The TCL's computational lexicon is a lexical knowledge base that
aims to serve as a fundamental linguistic resource for natural
language processing (NLP) research. We design both terminology and
ontology for structuring the lexicon based on the idea of
computability and reusability.
Richness of Information
The TCL's computational lexicon consists
of more than 60,000 Thai-English lexical entries, which are
formally represented in three levels of information:
morphological, syntactic, and semantic information. The
morphological information indicates types of word composition. The
syntactic information gives grammatical categories and
subcategories, and verb patterns in sentence structures. The
semantic information provides a set of logical and semantic
constraints for discriminating word senses. The logical
constraints are capable of dealing with the absence of relatedness
of word meanings, whereas the semantic constraints try to discover
preferences of syntactic arguments of thematic roles.

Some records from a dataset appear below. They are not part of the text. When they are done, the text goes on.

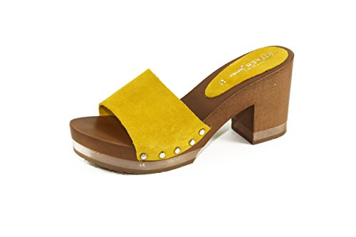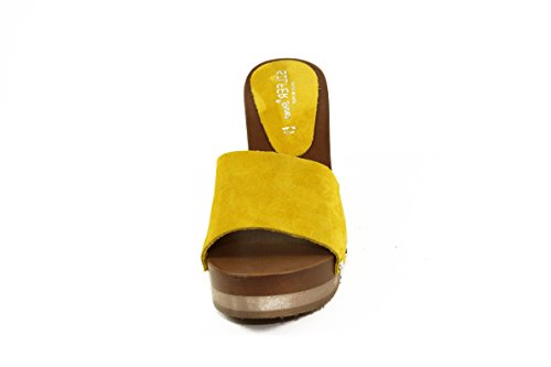 Silfer Shoes - Zoccolo in Vero Legno e Pelle di camoscio, Colore Giallo (41)
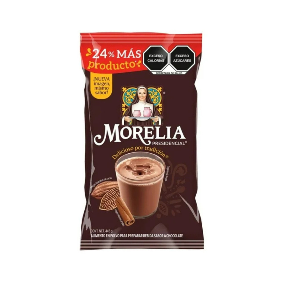 Alimento en polvo para preparar bebidas sabor chocolate Morelia Presidencial (445 g / 15.69 oz)
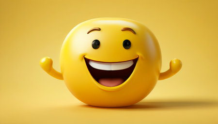 3d rendering of a glossy yellow emoji with a big smile expressing happiness
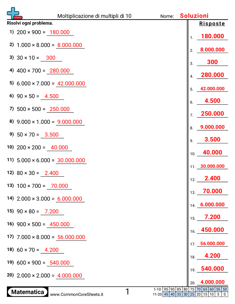 Schede di lavoro gratuite di math su Moltiplicazione di multipli di 10. Ogni scheda contiene 20 esercizi con soluzioni ed è ideale per insegnanti e istruzione a casa. Puoi scaricare il PDF, creare flashcard o impostarlo per l'apprendimento online.
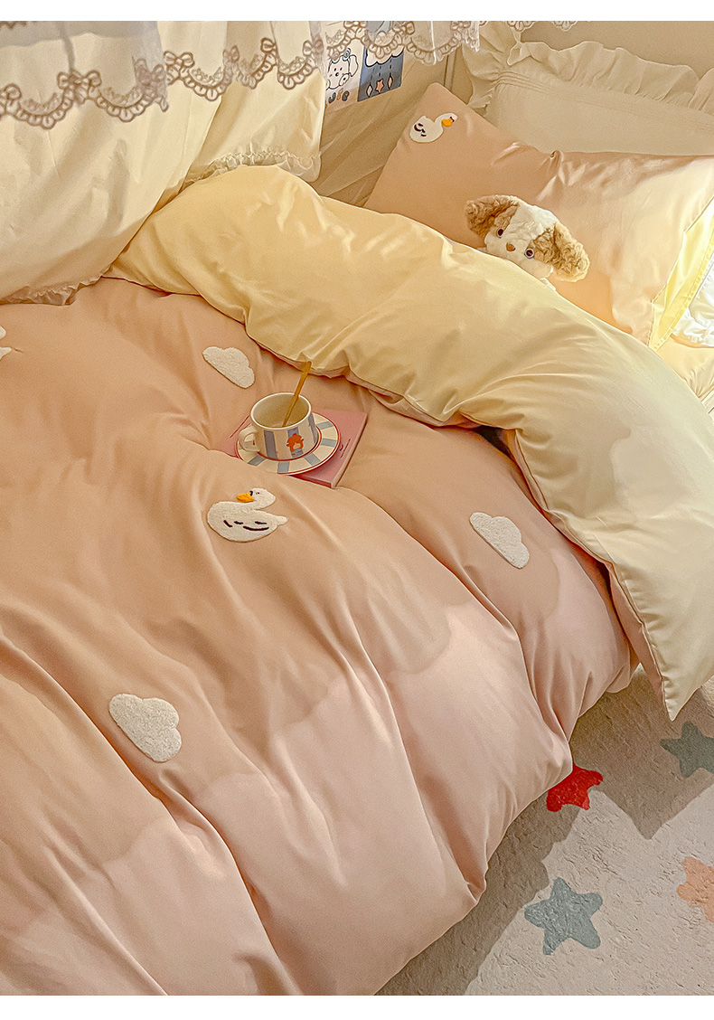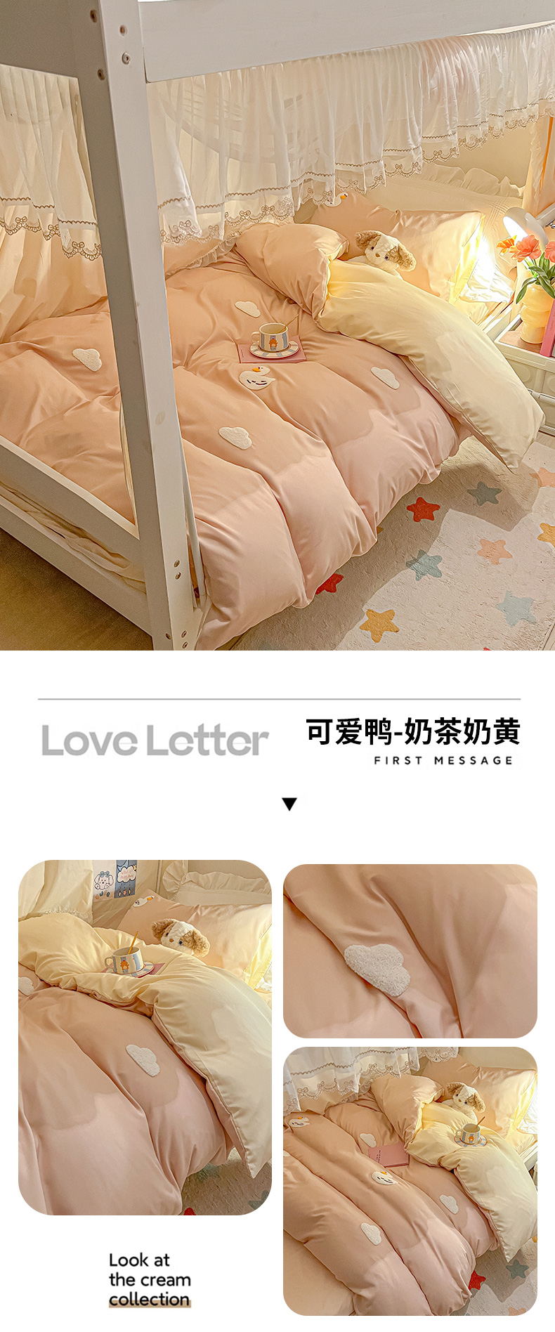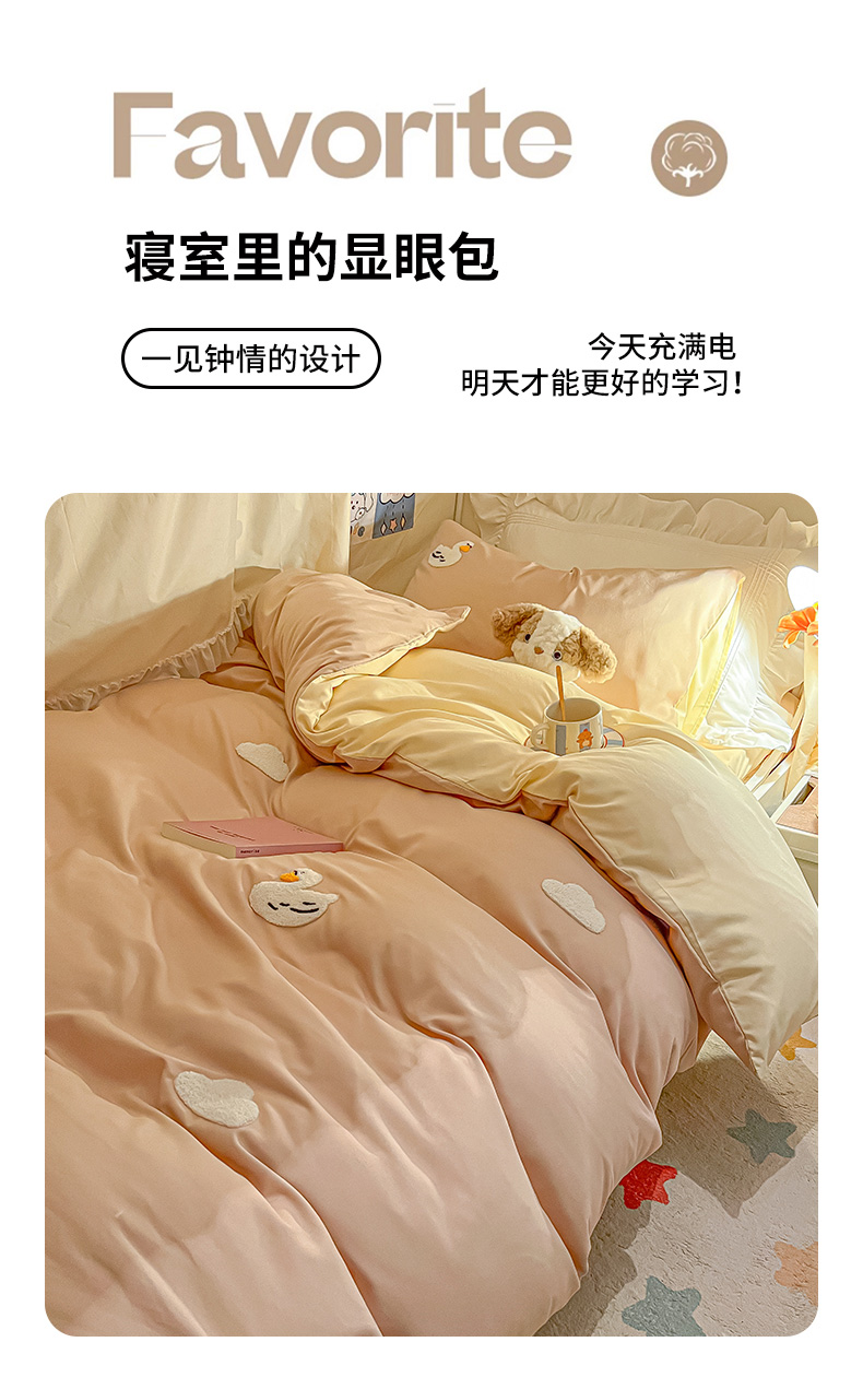当前位置: 91家纺网 > 商品网购 > 床品套件 > 四件套 > 水洗棉四件套 > 2024新款水洗棉卡通小清新毛巾绣四件套宿舍三件套学生款 可爱鸭-奶茶奶黄
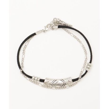 アフリカの広大な砂漠を遊牧する青の民、トゥアレグ族がお守りとして身に着けるアクセサリーをイメージしたアンクレット。チェーンとフェイクレザーを重ね着けしたような2連デザイン。古来より続くモチーフを連ねた模様をあなたの日常に。
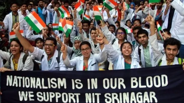طلبا اور اساتذہ کے درمیان سرینگر شہر کے نیشنل انسٹیٹیوٹ آف ٹیکنالوجی میں جھڑپ ہوئی جس میں پولیس نے طلبا کو منتشر کرنے کے لیے لاٹھیوں کا استعمال کیا۔ سینیئر صحافی شجاعت بخاری نے اب تک وقوع پذیر ہونے والے واقعات کو بیان کیا ہے۔
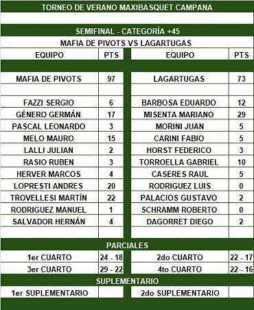 En lo que ya es un clásico de los veranos Mafia de Pivots derrotó 97-73 a Lagartugas y está en la definición del Torneo de Maxibásquet +45 de Verano en Campana. La dupla compuesta por Martín Trovellesi (22) y Andrés "Andy" Lopresti (20) quemó a distancia las redes del rival. Germán Género (17) contribuyó desde el poste bajo y Mauro Melo (15) fue una daga en la contra para el ganador. Mariano Misenta (29) mostró toda su vigencia, secundado por el aporte de Eduardo "el oveja" Barboza (12) y Gabriel Torroella (10) para Lagatugas, que ni con un buen abogado pudo escabullirse de la derrota.
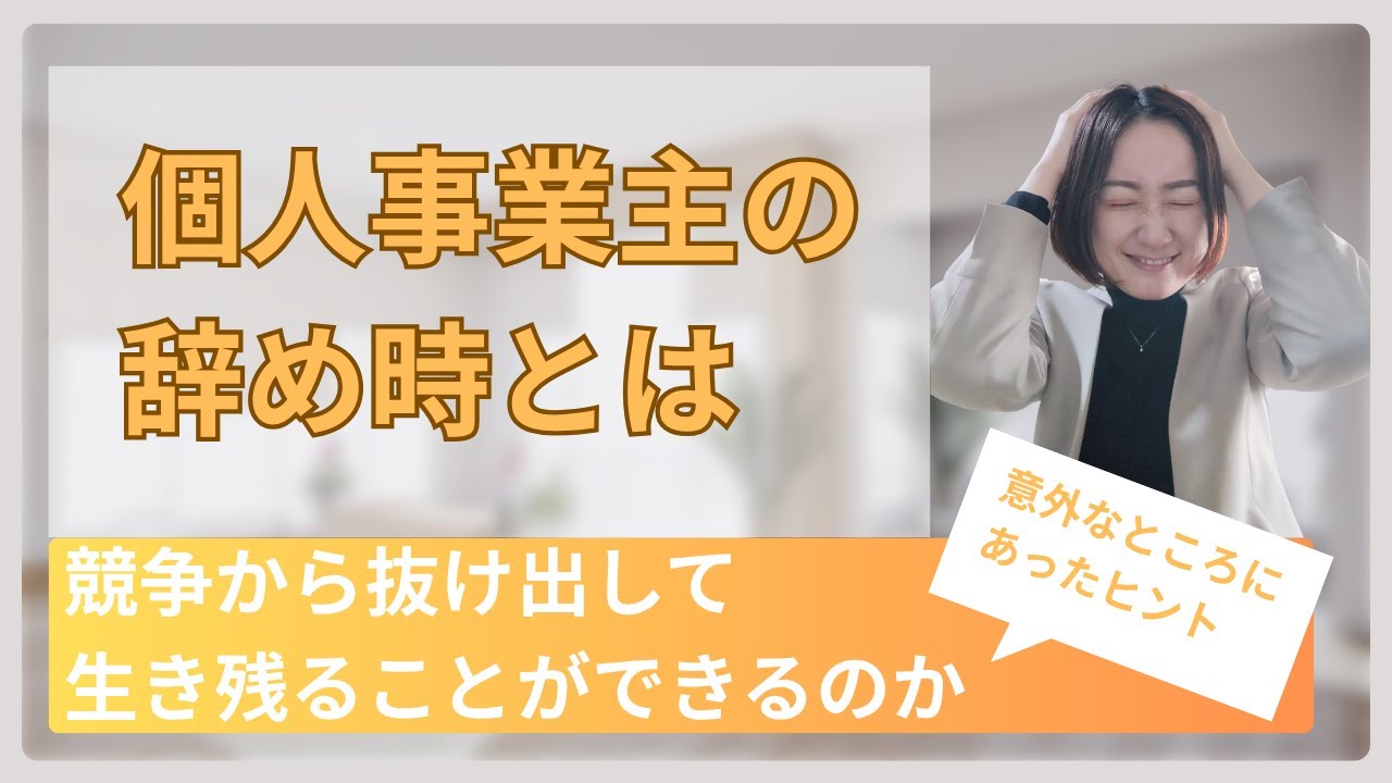 こちらの動画はyoutubeから埋め込み引用しております。 ▼ 今回はこんな話 ・個人事業主ってずっと続けられるのか…継続率の実態とは ・個人事業主に戦力外通告はない!だからこそ自分で判断に向き合う必要がある!? ・辞める時は〇〇になった時 ・競争から抜け出して生き残るためのヒントは〇〇 などなど… --- こんにちは! 言語化パートナーのにしざわゆきこです。 わたしは普段、「じぶん事業

Web-Based Editor and Tools
For acquiring the semantic information in the lexicon,
semi-automatic and automatic methods is necessary to meet the
requirements of practical lexicography. In addition to the
collaborative Web-based editor, we provide lexicographers with
statistical corpus-based tools for inserting, updating, and
refining lexical entries.
Extending to Multilingual Lexicon
We plan to link the TCL's computational lexicon with other
lexicons in our neighboring countries to extend it from the
bilingual to the multilingual lexicon. Research communities and
real-world applications can benefit from this sharable resource.
|